In addition, reducing the availability of breeding sites not only diminishes the emergence of adult mosquitoes but also compromises the oviposition cycle; overlooking this mechanism might lead to underestimation of environmental management of breeding habitats, especially when breeding sites are scant and mosquitoes have limited foraging abilities.25 The importance of the resource availability on population dynamics of mosquitoes and mosquito-borne diseases was evident in one field study, where significant differences in abundances of Culex tritaeniorhychus and the transmission intensity of Japanese encephalitis were attributed to the difference in the number of piggeries between 2 paddy areas.26 Therefore, incorporation of the interrelationship between resource-seeking activities and the availability of resources is important for evaluation of environmental management programs, which may significantly reduce the probability of locating a resource by foraging mosquitoes.25

MEASURING MOSQUITO PRODUCTIVITY

Controversial conclusions obtained by inconsistent measures of productivity place a major hurdle for comparison of observational data of habitat surveys. Although widely used, presence/absence or larval density are poor quantitative indicators because the relationship between larval populations and emergent adults is likely nonlinear.16,27,28 Use of larval density, for example, may be misleading because density-dependent processes operate on larval development and survival, and high densities of larval populations do not necessarily indicate greater productivity. Fundamentally, mosquito productivity should be measured at the level of individual habitats rather than by using relative measures, e.g., larval density/dip. The use of relative measures alone without accounting for the size of a habitat is inadequate for measuring productivity. Large habitats, for example, may produce more adults than small habitats, even if the former has a lower larval density. For example, a drastic reduction in surface areas of habitats resulted in an increase in larval density in natural puddles of rainwater in the sampling of Anopheles arabiensis.29

Ideally, mosquito productivity is measured by emergence sampling, which captures newly emerged adults by placing cages in breeding habitats.30 Given the difficulties associated with sampling emergent adults, we suggest that pupal productivity should be vigorously pursued in the field for measuring productivity.
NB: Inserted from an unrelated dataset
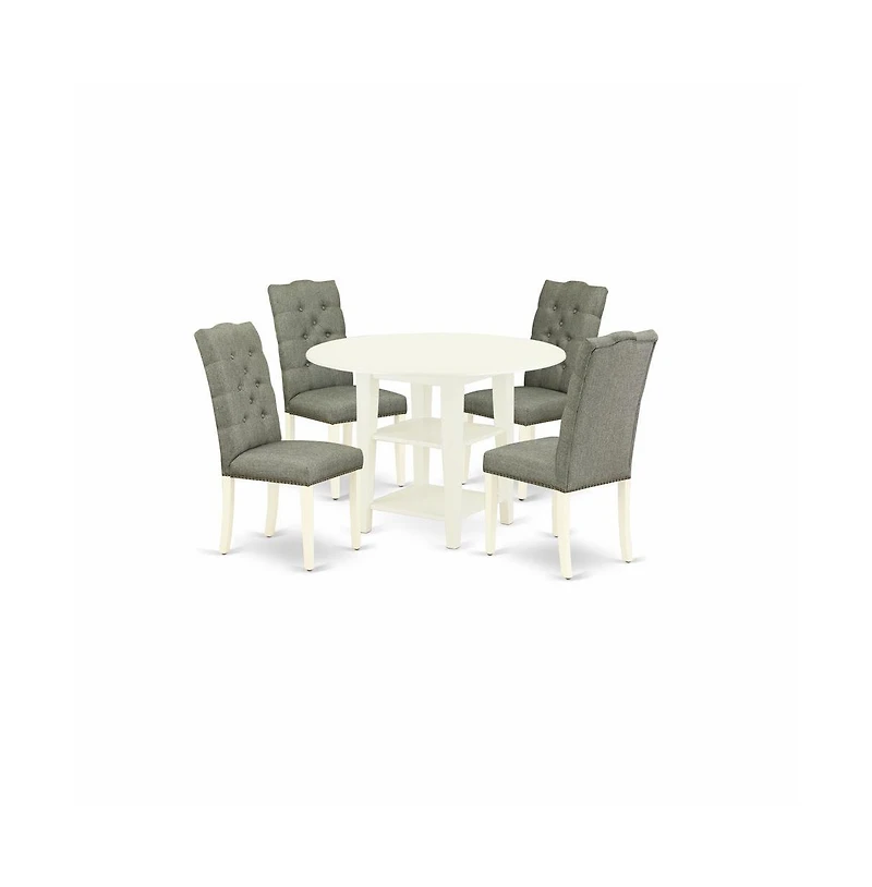 Dining Room Set Linen White, SUEL5-lwh-07. Our dinette set includes 4 of the stylish upholstered dining chairs. upholstered dining chairs have a style fit for royalty. Its parson dining chairs are upholstered in your option of color properly accented with button tufting. This standard 4 parso. The parson dining chair's seat and back are padded and button tufted. The durable wooden legs are finished in Linen White color to match the design

Pupal productivity has been extensively used in monitoring Ae. aegypti breeding in domestic containers in urban settings.14 Recently, Mutuku and colleagues10 illustrated the utilities of pupal sampling with area sampler and whole habitat census. Pupae are generally highly alerted and elusive to the standard dipping technique. In the absence of disturbance, however, pupae tend to stay still on the surface of the water for oxygen, rendering them amenable to direct counting. For small habitats such as hoofprints, ground depressions, and stone pools, census of anopheline pupae is applicable.10 It should be noted that pupal sampling might produce controversial results compared with larval sampling. For example, the stability of breeding habitats (assessed by the number of days that the habitat contained water) was a significant contributor to pupal productivity of An. gambiae, while an observation in the same region showed that permanence was not significantly related to larval presence.9 Given the advantages of pupal productivity, further investigations are warranted of the feasibility and reliability of pupal sampling in various situations, including considerations of costs and cost-effectiveness. Although pupal sampling is more labor-intensive, and probably more costly, the extra effort might have the reward of better estimation of the mosquito productivity, which plays the key role in our understanding of the mechanisms underlying the heterogeneity of mosquito production in different habitat types.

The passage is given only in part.